» **Activity**:
The lines below starting at the line containing "Exhibz — это" and ending at the line containing "Tenisky Big Star" are to be repeated exactly, with both ends kept and nothing else added.

» **Records provided**:
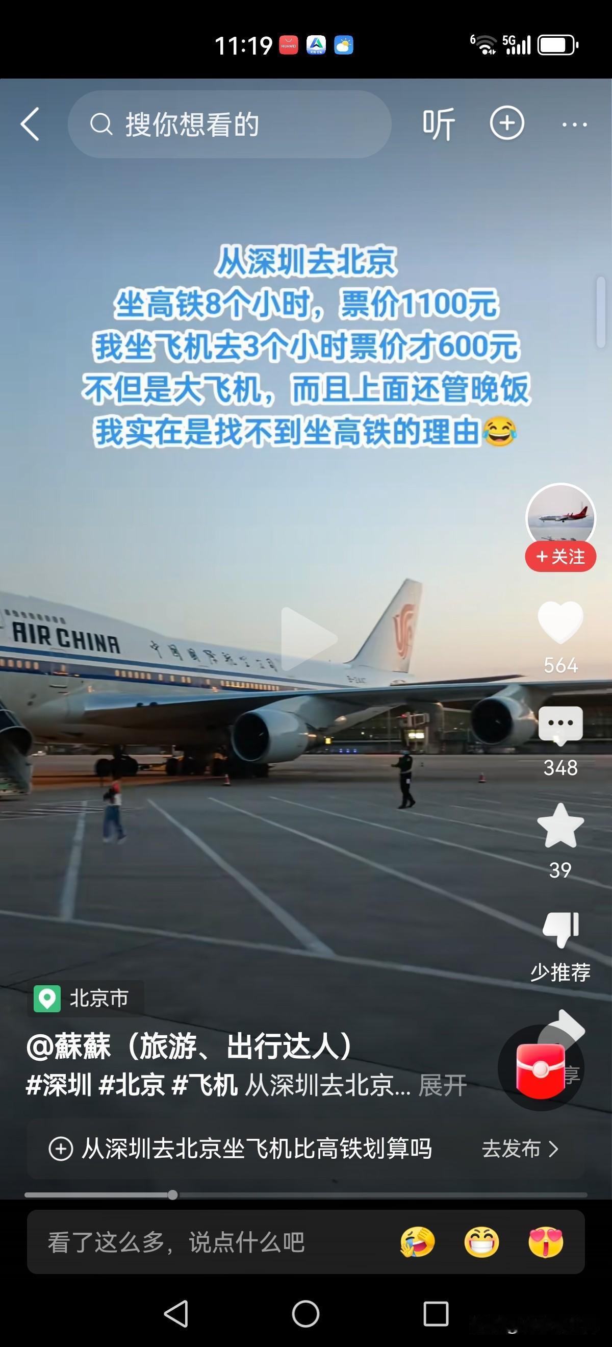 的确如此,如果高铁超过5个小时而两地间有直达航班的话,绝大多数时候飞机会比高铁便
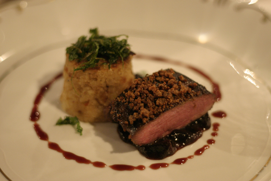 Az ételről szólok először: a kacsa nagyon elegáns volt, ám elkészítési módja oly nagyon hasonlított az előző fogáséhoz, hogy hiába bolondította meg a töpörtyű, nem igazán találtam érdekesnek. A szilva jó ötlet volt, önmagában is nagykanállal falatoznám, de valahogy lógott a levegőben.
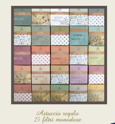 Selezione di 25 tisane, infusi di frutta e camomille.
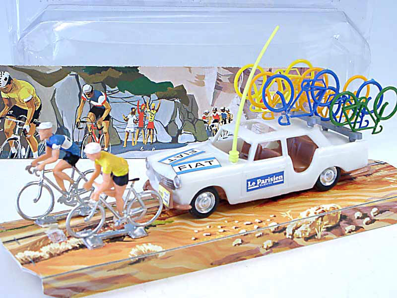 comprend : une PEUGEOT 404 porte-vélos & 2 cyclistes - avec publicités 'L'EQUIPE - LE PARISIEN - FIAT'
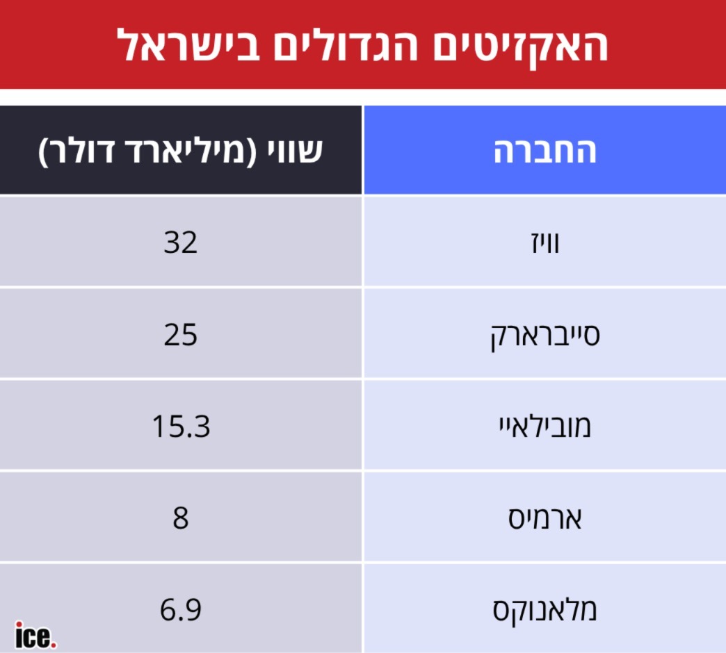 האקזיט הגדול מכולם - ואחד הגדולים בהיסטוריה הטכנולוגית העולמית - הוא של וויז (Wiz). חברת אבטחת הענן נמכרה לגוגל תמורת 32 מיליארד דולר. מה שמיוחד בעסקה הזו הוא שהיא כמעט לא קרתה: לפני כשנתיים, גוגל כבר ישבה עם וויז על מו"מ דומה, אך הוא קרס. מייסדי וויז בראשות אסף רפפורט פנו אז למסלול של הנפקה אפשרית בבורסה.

--

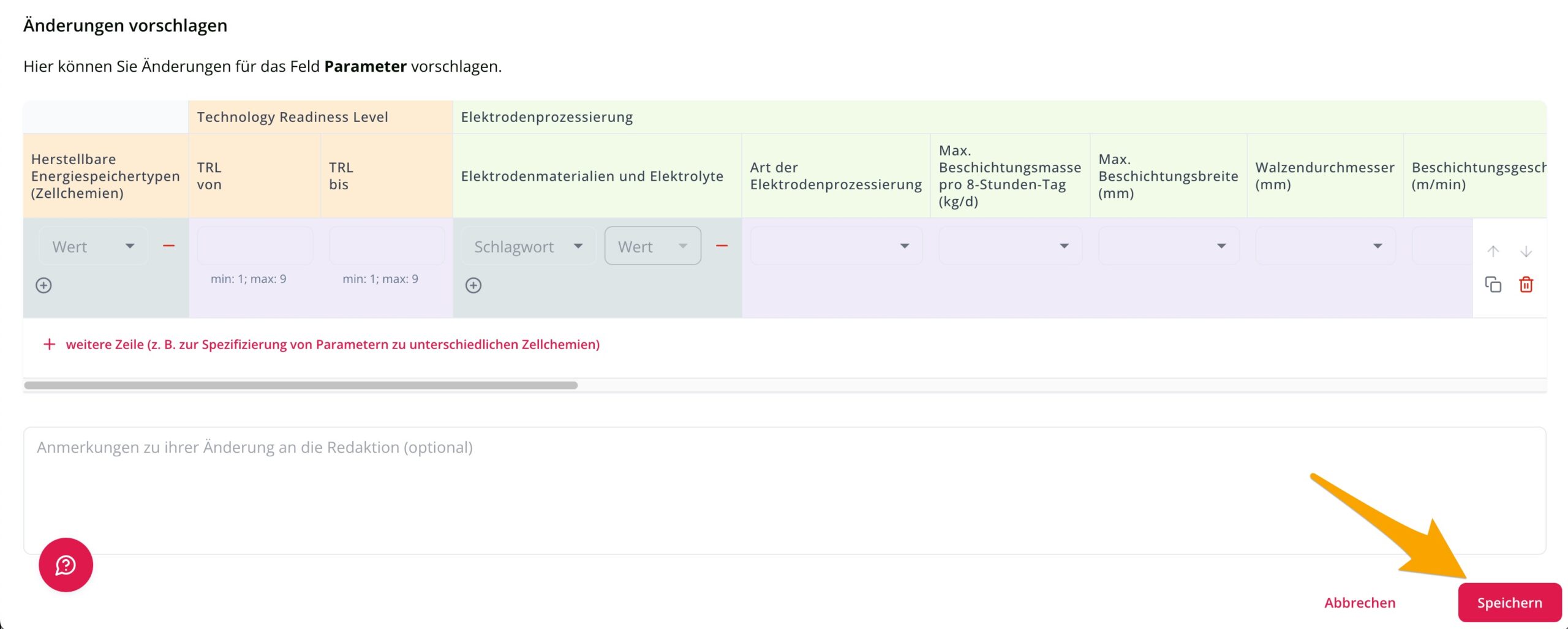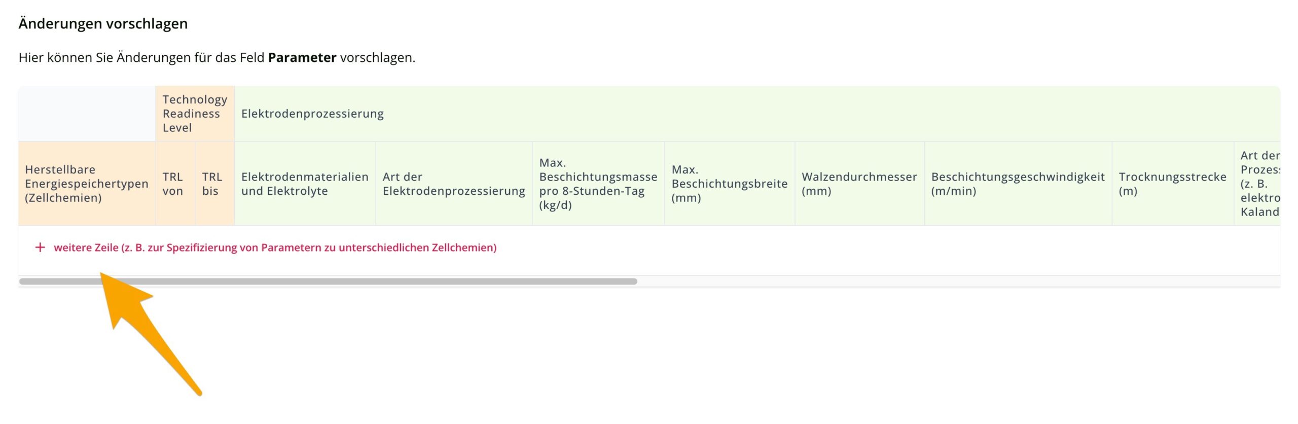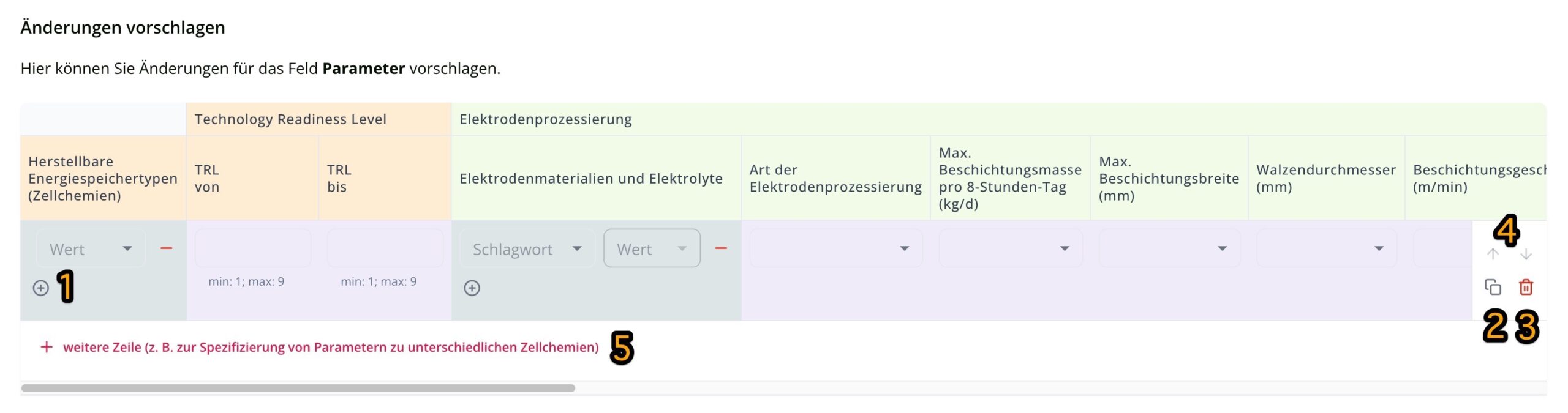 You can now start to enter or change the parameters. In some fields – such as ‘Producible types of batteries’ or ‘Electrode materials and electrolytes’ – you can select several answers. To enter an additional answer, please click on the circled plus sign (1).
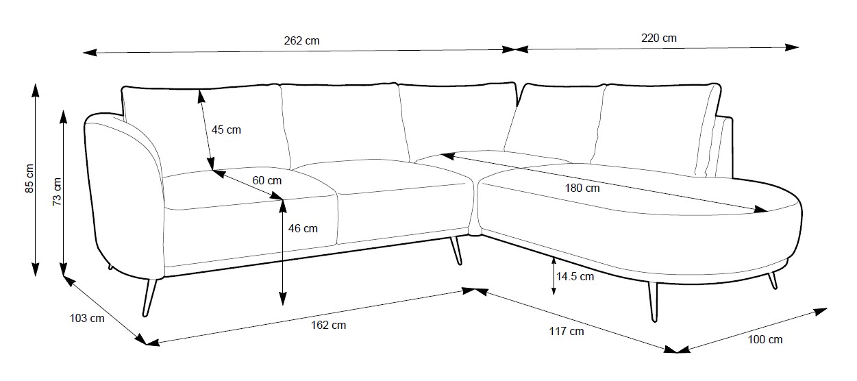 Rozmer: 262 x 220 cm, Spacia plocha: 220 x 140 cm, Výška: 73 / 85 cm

==

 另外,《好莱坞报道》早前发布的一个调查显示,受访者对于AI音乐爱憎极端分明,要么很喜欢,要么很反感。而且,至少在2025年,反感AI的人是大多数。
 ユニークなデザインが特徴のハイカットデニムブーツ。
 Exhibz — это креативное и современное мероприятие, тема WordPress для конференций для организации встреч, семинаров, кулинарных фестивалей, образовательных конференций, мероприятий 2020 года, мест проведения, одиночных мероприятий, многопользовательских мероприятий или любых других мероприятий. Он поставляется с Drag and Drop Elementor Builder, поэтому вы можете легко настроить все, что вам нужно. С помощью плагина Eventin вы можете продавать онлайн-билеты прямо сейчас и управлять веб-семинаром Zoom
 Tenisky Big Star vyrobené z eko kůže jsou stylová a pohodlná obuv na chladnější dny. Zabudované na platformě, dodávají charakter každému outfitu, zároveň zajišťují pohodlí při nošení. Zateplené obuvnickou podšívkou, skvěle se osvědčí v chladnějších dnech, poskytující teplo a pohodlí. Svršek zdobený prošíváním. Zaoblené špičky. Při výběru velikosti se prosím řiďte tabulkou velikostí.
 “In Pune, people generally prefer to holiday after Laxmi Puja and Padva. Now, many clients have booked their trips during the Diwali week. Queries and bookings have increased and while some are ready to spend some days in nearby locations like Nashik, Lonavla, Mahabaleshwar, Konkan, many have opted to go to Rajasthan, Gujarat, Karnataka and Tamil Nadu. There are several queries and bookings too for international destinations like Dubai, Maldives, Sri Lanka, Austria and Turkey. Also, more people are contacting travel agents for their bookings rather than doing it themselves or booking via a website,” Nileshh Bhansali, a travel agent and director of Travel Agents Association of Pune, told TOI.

» **Exercise solution**:
 Exhibz — это креативное и современное мероприятие, тема WordPress для конференций для организации встреч, семинаров, кулинарных фестивалей, образовательных конференций, мероприятий 2020 года, мест проведения, одиночных мероприятий, многопользовательских мероприятий или любых других мероприятий. Он поставляется с Drag and Drop Elementor Builder, поэтому вы можете легко настроить все, что вам нужно. С помощью плагина Eventin вы можете продавать онлайн-билеты прямо сейчас и управлять веб-семинаром Zoom
 Tenisky Big Star vyrobené z eko kůže jsou stylová a pohodlná obuv na chladnější dny. Zabudované na platformě, dodávají charakter každému outfitu, zároveň zajišťují pohodlí při nošení. Zateplené obuvnickou podšívkou, skvěle se osvědčí v chladnějších dnech, poskytující teplo a pohodlí. Svršek zdobený prošíváním. Zaoblené špičky. Při výběru velikosti se prosím řiďte tabulkou velikostí.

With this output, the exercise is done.